Give the data below again exactly as written, without its pictures.

Start of Dataset extract

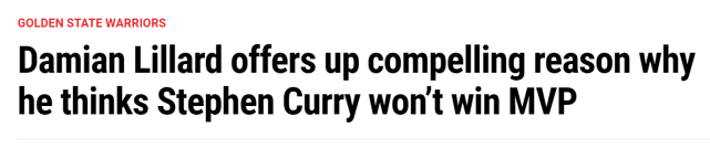 显然,利拉德从库里的身上看到了上赛季的自己。同样是西部8号种子,同样是个人表现出色,他认为应该也会同样无缘最终的常规赛MVP奖项。
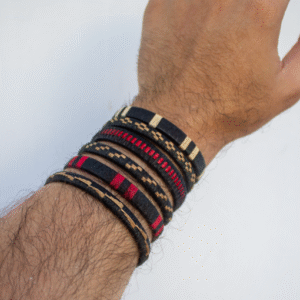 Brazaletes tejidos en palma de Werregue – Variaciones en Negro.
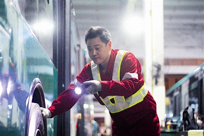 时间刚过晚上8点,车间里已停满了等待维修保养的公交车,一名名身穿红色工作服的维修工穿梭在这些车辆中。这其中,蒋建峰的那一抹红最为亮眼。

End of Dataset extract

▸ **Worked solution**:
 显然,利拉德从库里的身上看到了上赛季的自己。同样是西部8号种子,同样是个人表现出色,他认为应该也会同样无缘最终的常规赛MVP奖项。
 Brazaletes tejidos en palma de Werregue – Variaciones en Negro.
 时间刚过晚上8点,车间里已停满了等待维修保养的公交车,一名名身穿红色工作服的维修工穿梭在这些车辆中。这其中,蒋建峰的那一抹红最为亮眼。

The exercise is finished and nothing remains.